11月14日、JBICは現地で新たに発行された環境許認可に関わる問題が解決していないにも関わらず、チレボン2拡張計画への1回目の貸付を実行しました。このチレボン拡張計画には、日本の大手商社の丸紅株式会社および東京電力と中部電力が共同で設立した火力発電事業のための株式会社JERAが出資しています。新しい環境許認可は、地裁によって違法と判断された元の環境許認可に代わって発行(2017年7月17日発行)されたものですが、現地住民はこの新しい許認可に対しても無効を求めて起訴する考えです。

JBICには、2017年4月にも住民訴訟判決が出る前日に融資契約を締結したという前科があります。私たちは、このように違法性を軽視し、現地住民の訴えと権利を無視し続けるJBICの態度に断固抗議します。
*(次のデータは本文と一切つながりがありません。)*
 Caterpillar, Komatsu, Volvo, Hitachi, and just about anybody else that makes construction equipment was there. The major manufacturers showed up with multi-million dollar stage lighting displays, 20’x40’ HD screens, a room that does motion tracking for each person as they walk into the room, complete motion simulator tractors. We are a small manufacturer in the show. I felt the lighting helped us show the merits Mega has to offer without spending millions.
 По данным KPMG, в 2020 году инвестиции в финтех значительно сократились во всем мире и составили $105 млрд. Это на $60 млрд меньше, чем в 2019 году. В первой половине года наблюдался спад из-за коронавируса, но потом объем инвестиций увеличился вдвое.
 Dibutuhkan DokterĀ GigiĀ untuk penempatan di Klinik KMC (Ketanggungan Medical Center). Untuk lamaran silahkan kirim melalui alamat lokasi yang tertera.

現地住民は、既設のチレボン1(660MW)によって生計手段を奪われるなど、既に多大な損害を被っています。チレボン1にもJBICは融資しており、住民はこれ以上の彼等の生活への悪影響が出ないようにJBICがチレボン2への融資を行わないことを求めていました。

JBICがチレボン2への融資貸付を実行し、日本政府が石炭関連事業への支援を続けていることは、世界中の現場、および、今まさにここで開催されているボンでのCOP23において気候変動を食い止めようとしている世界の努力を台無しにするものです。
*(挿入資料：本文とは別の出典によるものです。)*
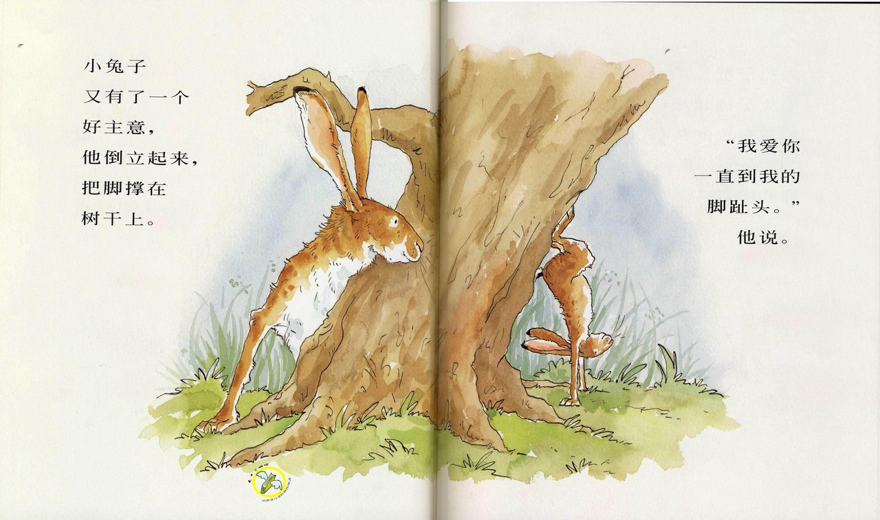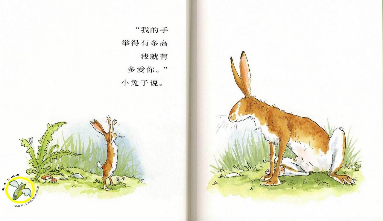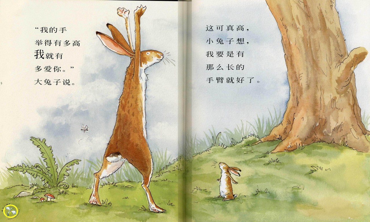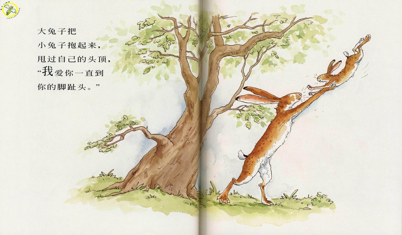 大兔子把小兔子抱起来,甩过自己的头顶,我爱你一直到你的脚趾头。”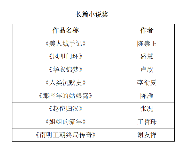 第十一届广东省鲁迅文学艺术奖(文学类)获奖作品名单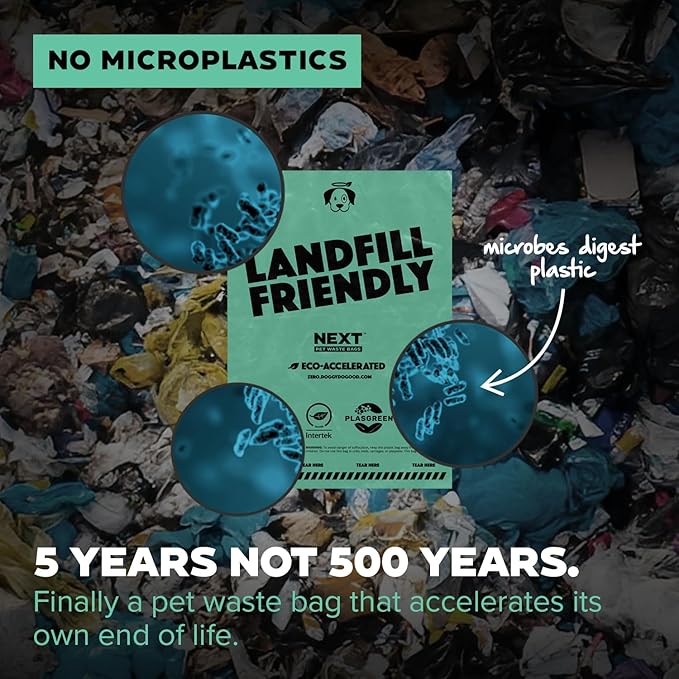 - Landfill Friendly: The only bags designed to be landfill friendly, our pet poop bags are engineered to accelerate the end of the life cycle for plastics in environments such as landfills, oceans, and soil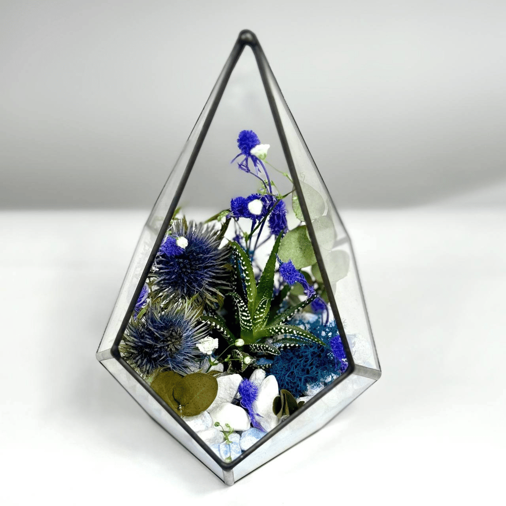 Этот флорариум напоминает упавшую на землю звезду, внутри которой застыл таинственный сад. Графичная хавортия в центре композиции окружена колючими синими сферами эрингиума и мягким лазурным мхом. То…

また、JBICはインドネシアの石炭火力発電事業だけ見ても、最近、バタン新設、タンジュンジャティB拡張、ロンタール拡張への融資を行なっています。さらに、国際協力機構(JICA)がインドラマユ石炭火力発電事業への円借款供与を検討しています。これらの計画は全てジャワ島に位置しており、すべてが建設された場合の発電容量は6,455MWに上ります。

JBICは、インドネシアに限らずベトナム、ミャンマー、ボツワナを含む世界8ヵ所で建設が予定されている新規の石炭火力発電所に対し、融資を行なうことが予想されています。これらの計画の多くは、土地収用、つまり、土地収奪、不透明性、人権侵害および環境破壊などの問題を引き起こしています。

私たちは、日本政府がクリーンではないエネルギー計画に投資することを止め、民主的かつ分散型で持続可能な解決法により住民とコミュニティーに電力のユニバーサルアクセスを提供する支援を行うことを要請します。